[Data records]

== Segment start ==

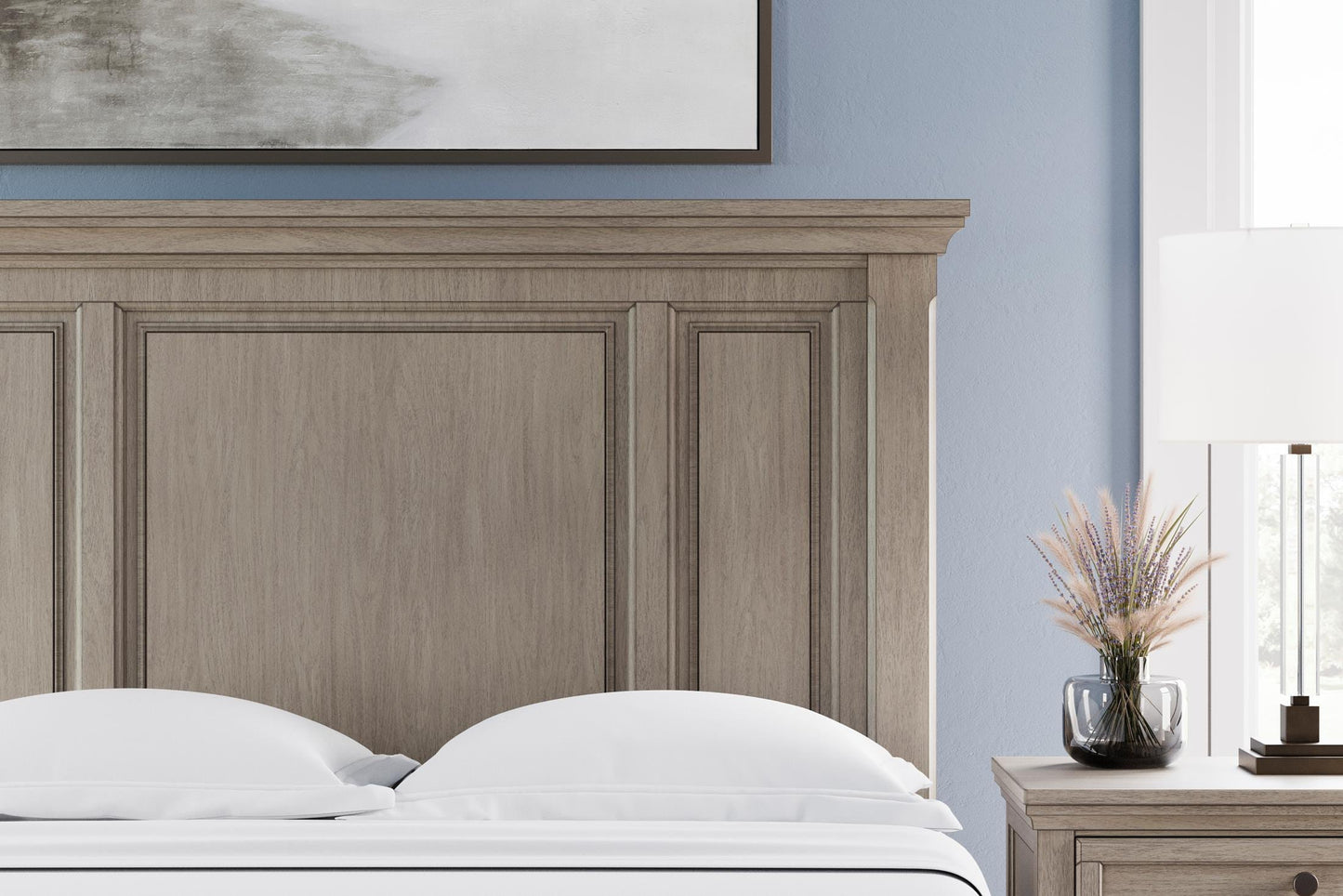 Satisfying your taste for tradition, the Lettner California king panel bed sports serene sophistication. Forever classic design details—inlaid panels and bun feet—are so easy to love. Burnished light gray finish elevates the look with modern sensibility, so you can sleep in style. Mattress and foundation/box spring available, sold separately.
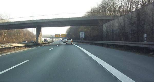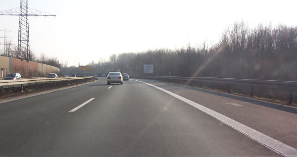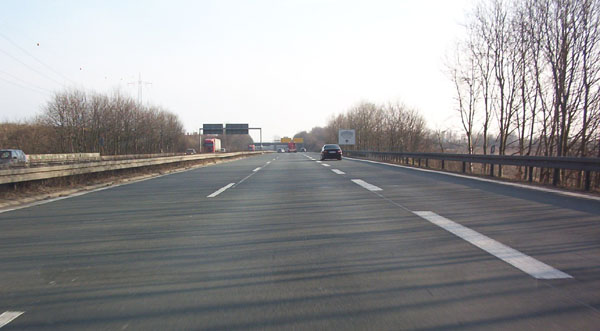 Im Bereich des Kreuzes. Rechts sieht man die Nebenfahrbahn, über die man zur A 2 Richtung Oberhausen bzw. Bielefeld gelangt.
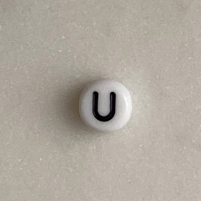 Cuenta Letra U. Diámetro 8mm. Taladro 1mm
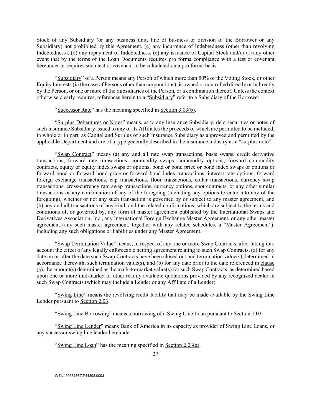 27 WEIL:\99581369\2\44393.0003 Stock of any Subsidiary (or any business unit, line of business or division of the Borrower or any Subsidiary) not prohibited by this Agreement, (c) any incurrence of Indebtedness (other than revolving Indebtedness), (d) any repayment of Indebtedness, (e) any issuance of Capital Stock and/or (f) any other event that by the terms of the Loan Documents requires pro forma compliance with a test or covenant hereunder or requires such test or covenant to be calculated on a pro forma basis. “Subsidiary” of a Person means any Person of which more than 50% of the Voting Stock, or other Equity Interests (in the case of Persons other than corporations), is owned or controlled directly or indirectly by the Person, or one or more of the Subsidiaries of the Person, or a combination thereof. Unless the context otherwise clearly requires, references herein to a “Subsidiary” refer to a Subsidiary of the Borrower. “Successor Rate” has the meaning specified in Section 3.03(b). “Surplus Debentures or Notes” means, as to any Insurance Subsidiary, debt securities or notes of such Insurance Subsidiary issued to any of its Affiliates the proceeds of which are permitted to be included, in whole or in part, as Capital and Surplus of such Insurance Subsidiary as approved and permitted by the applicable Department and are of a type generally described in the insurance industry as a “surplus note”. “Swap Contract” means (a) any and all rate swap transactions, basis swaps, credit derivative transactions, forward rate transactions, commodity swaps, commodity options, forward commodity contracts, equity or equity index swaps or options, bond or bond price or bond index swaps or options or forward bond or forward bond price or forward bond index transactions, interest rate options, forward foreign exchange transactions, cap transactions, floor transactions, collar transactions, currency swap transactions, cross-currency rate swap transactions, currency options, spot contracts, or any other similar transactions or any combination of any of the foregoing (including any options to enter into any of the foregoing), whether or not any such transaction is governed by or subject to any master agreement, and (b) any and all transactions of any kind, and the related confirmations, which are subject to the terms and conditions of, or governed by, any form of master agreement published by the International Swaps and Derivatives Association, Inc., any International Foreign Exchange Master Agreement, or any other master agreement (any such master agreement, together with any related schedules, a “Master Agreement”), including any such obligations or liabilities under any Master Agreement. “Swap Termination Value” means, in respect of any one or more Swap Contracts, after taking into account the effect of any legally enforceable netting agreement relating to such Swap Contracts, (a) for any date on or after the date such Swap Contracts have been closed out and termination value(s) determined in accordance therewith, such termination value(s), and (b) for any date prior to the date referenced in clause (a), the amount(s) determined as the mark-to-market value(s) for such Swap Contracts, as determined based upon one or more mid-market or other readily available quotations provided by any recognized dealer in such Swap Contracts (which may include a Lender or any Affiliate of a Lender). “Swing Line” means the revolving credit facility that may be made available by the Swing Line Lender pursuant to Section 2.03. “Swing Line Borrowing” means a borrowing of a Swing Line Loan pursuant to Section 2.03. “Swing Line Lender” means Bank of America in its capacity as provider of Swing Line Loans, or any successor swing line lender hereunder. “Swing Line Loan” has the meaning specified in Section 2.03(a).
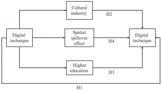 Digital technology provides critical support for revitalizing the cultural industry in three key areas: Firstly, it strengthens the industrial foundation by enabling the digital preservation and recreation of rural cultural heritage through digital archives and VR exhibitions [17]. By expanding its reach via internet platforms, it activates existing rural cultural resources, laying a solid groundwork for industrial development. Secondly, it drives industrial innovation: Digital platforms, such as live-streaming e-commerce and social marketing, expand marketing channels for rural cultural tourism and creative products, enabling targeted traffic acquisition and brand building. Simultaneously, big data analytics provides precise insights into consumer demand, fostering new customized and experiential cultural formats [18]. Finally, optimizing industrial services: Digital tools, such as innovative tourism platforms and online booking systems, comprehensively enhance visitor experiences before, during, and after trips, thereby improving service efficiency and satisfaction and boosting the attractiveness and competitiveness of rural cultural industries. Based on this, we propose the following hypothesis:
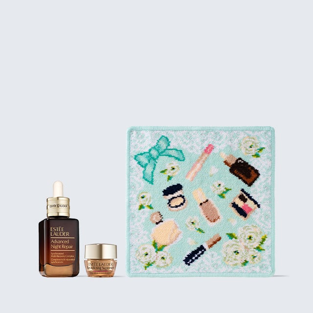 夜間美容のエキスパートであるエスティ ローダーのベストセラー美容液「アドバンス ナイト リペア」の20mLサイズをメインに、様々なエイジング サインに働きかけ、スフレのように軽いテクスチャーが春に嬉しい「シュープリーム プラス YP クリーム」のスペシャル サイズ、そしてエスティ ローダー×フェイラー コラボレーション限定ハンカチをセット。エスティ ローダーの製品をまだお使いいただいたことのない方にまず試していただきたいアイテムとして、大切な人へのギフトにおすすめのセットです。
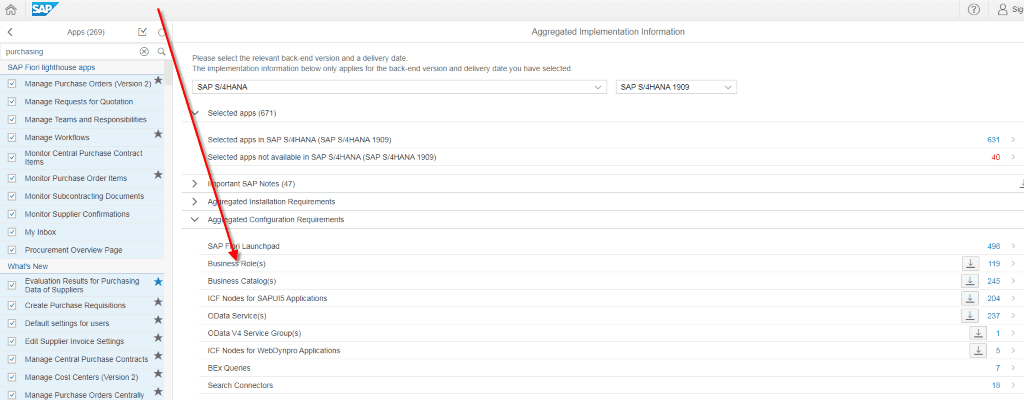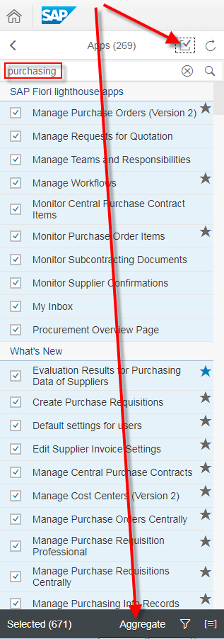 However, there is a way you can see all roles delivered for a selection of apps. For example, if you were interested in all apps related to purchasing and wanted to know which roles to activate, you can search for the word “purchasing” in the Fiori apps library to bring up anything related to purchasing (don’t worry, apps also have meta data attached to them so this search will also return apps like “Procurement overview” even though it does not contain the word “Purchasing”). From here, you can click the “Select All” button and then the “Aggregate” button as below.
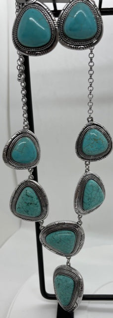 Beautifully crafted Silver and Turquoise Stone tear drop necklace and earring set
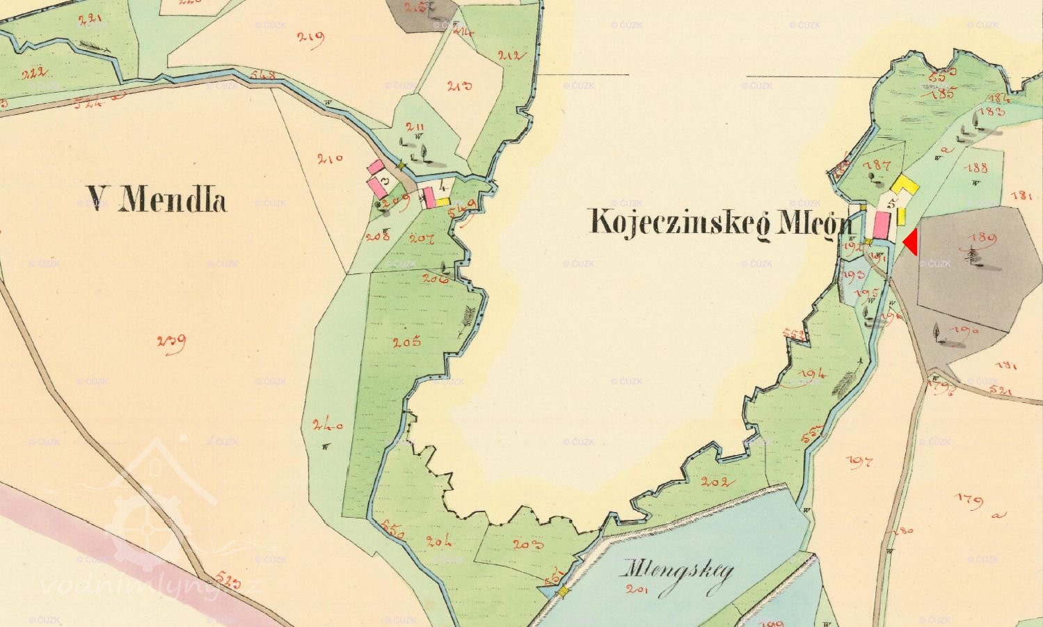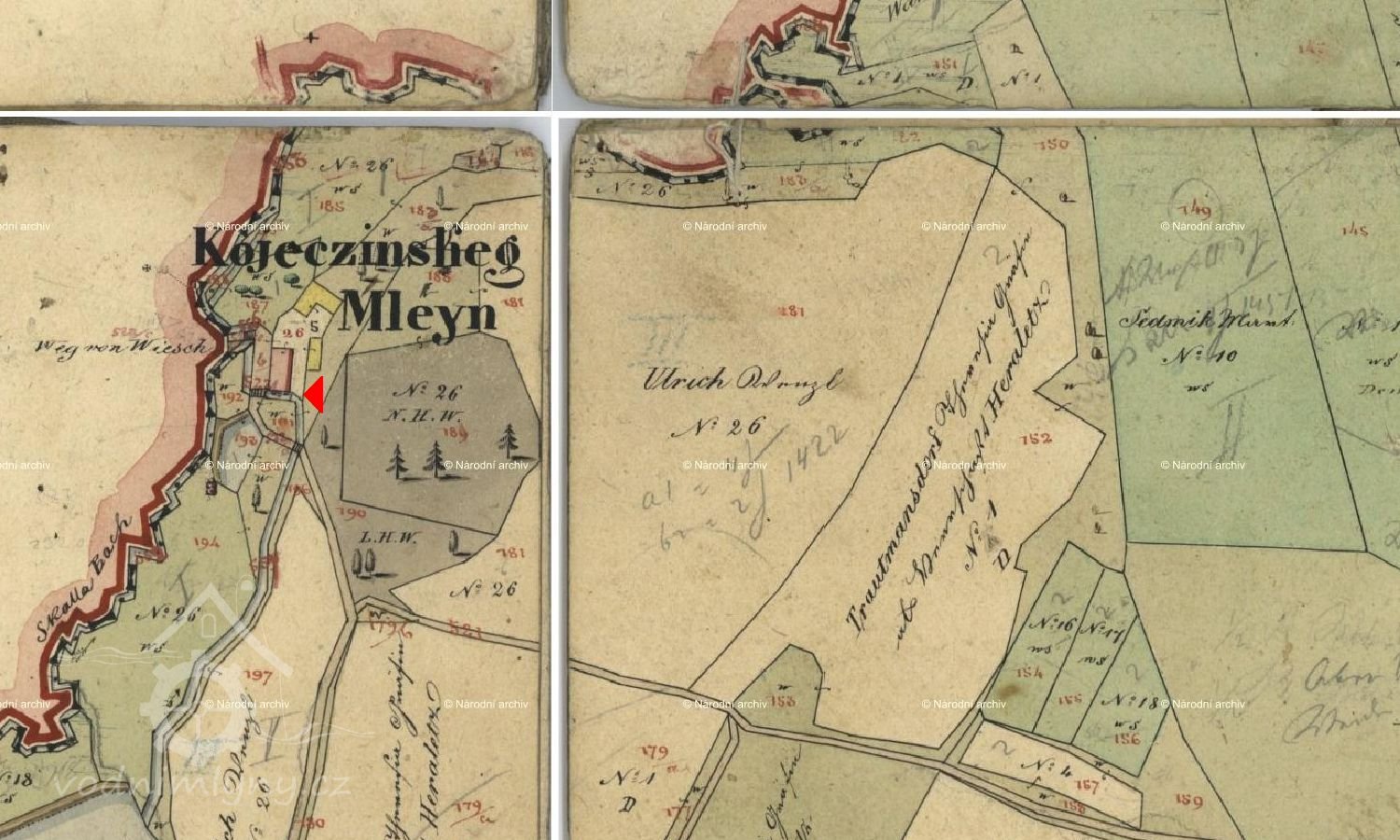 5. Kupující nepřivlastní si nic více mimo specifikovaných polí a luk nesmí z panské půdy dělat další pole, není oprávněn káceti dřevo na stavbu nebo jinou potřebu, nýbrž musí si toto opatřiti proti hotovému zaplacení buď od zdejší vrchnosti nebo odjinud mimo panství. Naproti tomu je povinen kupující a příští vlastník tohoto mlýna odebírati všechno potřebné palivové dřevo a to nejméně 10 sáhů ročně, dále všechny nápoje proti hotovému zaplacení v běžných cenách přímo od zdejšího panství a nesmí si tyto opatřovati odjinud pod trestem zabavení /konfiskace/ pokuty a vězení.
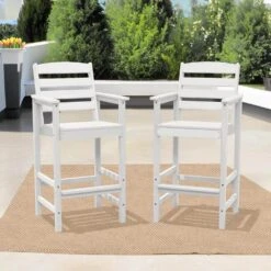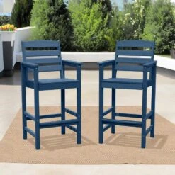 2-Piece HDPE Plastic Adirondack Outdoor Bar Stools In Aruba Blue
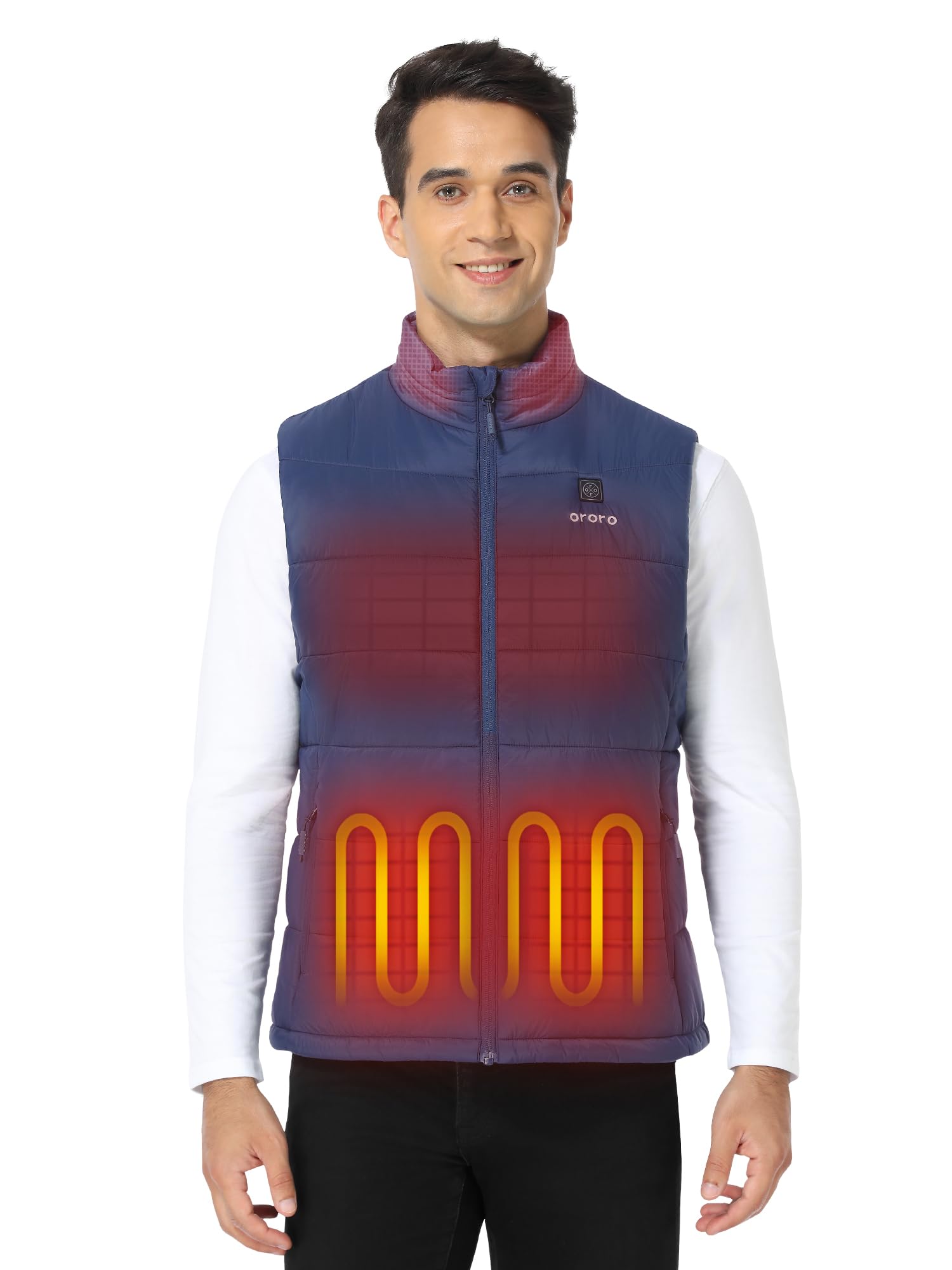 ORORO Men's Lightweight Heated Vest with USB-C Rechargeable Battery, Puffer Classic Heating Vest

== Segment end ==

### Instructions to follow
The line containing "2-Piece HDPE Plastic" and every line after it, through the end of the records, are what you should retype exactly. Do not include the pictures.

### Solution
 2-Piece HDPE Plastic Adirondack Outdoor Bar Stools In Aruba Blue
 ORORO Men's Lightweight Heated Vest with USB-C Rechargeable Battery, Puffer Classic Heating Vest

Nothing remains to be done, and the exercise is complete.